Rutherfurd was born at Bristo Port (near Greyfriars Kirkyard) in Edinburgh on 21 June 1791 to Janet Rutherfurd Bervie, and Reverend William Greenfield. In 1799, after his father was disgraced in a sex scandal, the family changed their name to Rutherfurd, his maternal grandmother's maiden name. His main house was Lauriston Castle near Cramond just north-west of the city. His sister married John Gordon FRSE, father of John Thomson Gordon FRSE.

He was educated at the High School in Edinburgh's Old Town, then studied law at the University of Edinburgh. He became an advocate in 1812.

==Career==
In the 1830s, he was listed as an advocate living at 9, St Colme Street, on the Moray Estate in Edinburgh's west end. His house was remodelled by William Notman in 1835, whilst working in the offices of William Henry Playfair.

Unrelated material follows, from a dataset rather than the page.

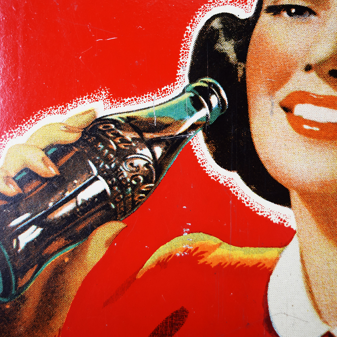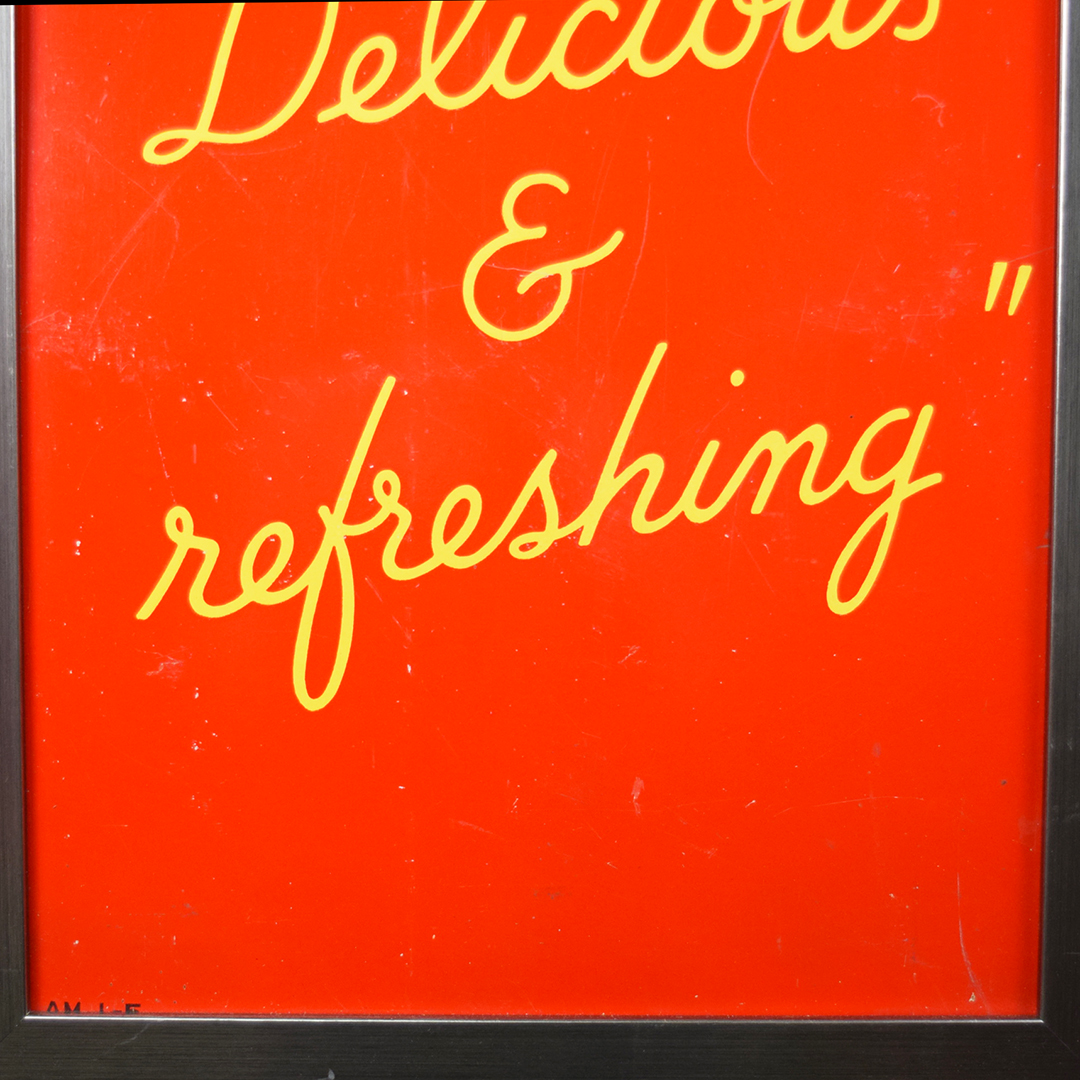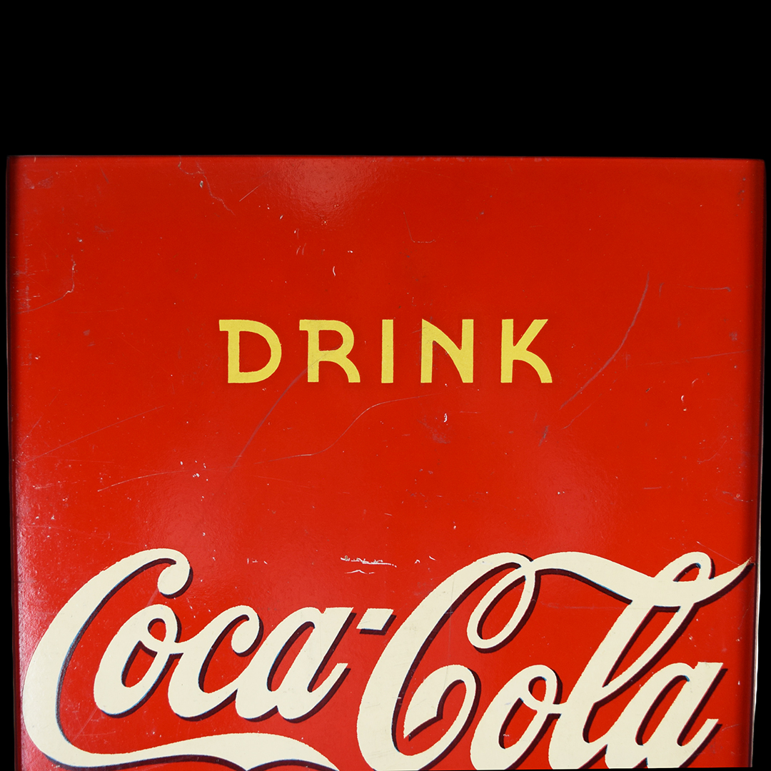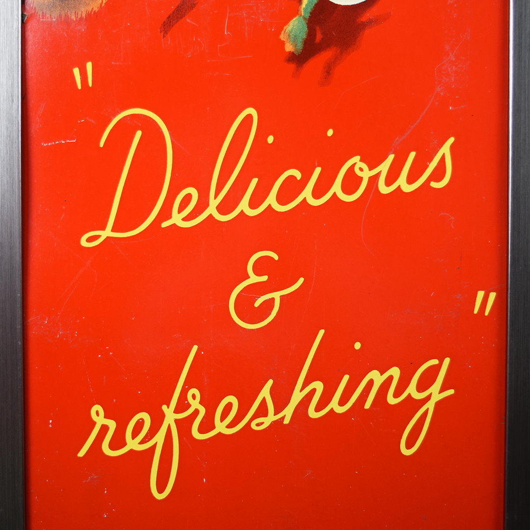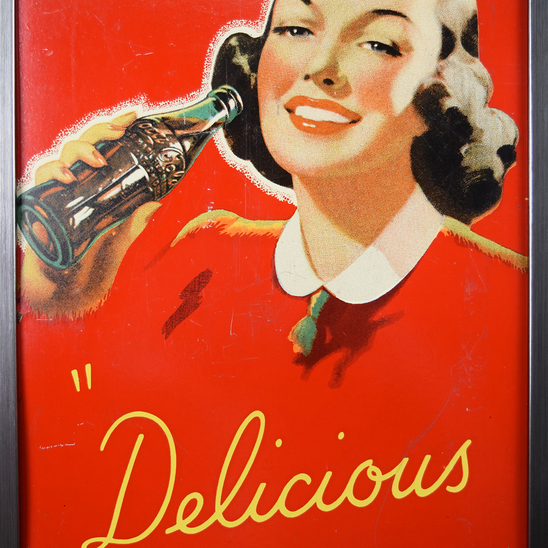 During World War II, metals were needed for military purposes, so sign makers had to adjust the materials that they used. Before the war, all signs were made of tin and other metals, so manufacturers now had to use different materials. Masonite was the choice for Allen Morrison and Coca-Cola on this vertical sign, which features a lady enjoying a bottle of Coca-Cola. The Masonite sign has had a frame added at some point, which allows you to display it nicely in your collection. Minor chips with paint loss are evident on the sign’s face in various places. A few cracks in the Masonite are seen as well. The larger one measures about 3 inches and is on the right side of the sign. A 2-inch one is along the top edge, and a small chip is seen on the left side near her wrist. We do not see any signs of touch-up work, and the gloss is sharp on this 1940s sign. The outer frame measures 52.5 inches tall by 17.75 inches wide. 21567-UEP

He was appointed Solicitor General for Scotland from 1837, becoming Lord Advocate in 1839 and Member of Parliament for Leith burghs in the same year. He was appointed Lord Advocate of Scotland in 1839, passing bills including removal of the restriction of the printing of Bibles to license holders only, and Bibles could be printed without restriction for the first time. He resigned office as MP in September 1841 on William Peel's accession to power.

He was appointed Rector of the University of Glasgow in December 1844, adopting the role from January 1845.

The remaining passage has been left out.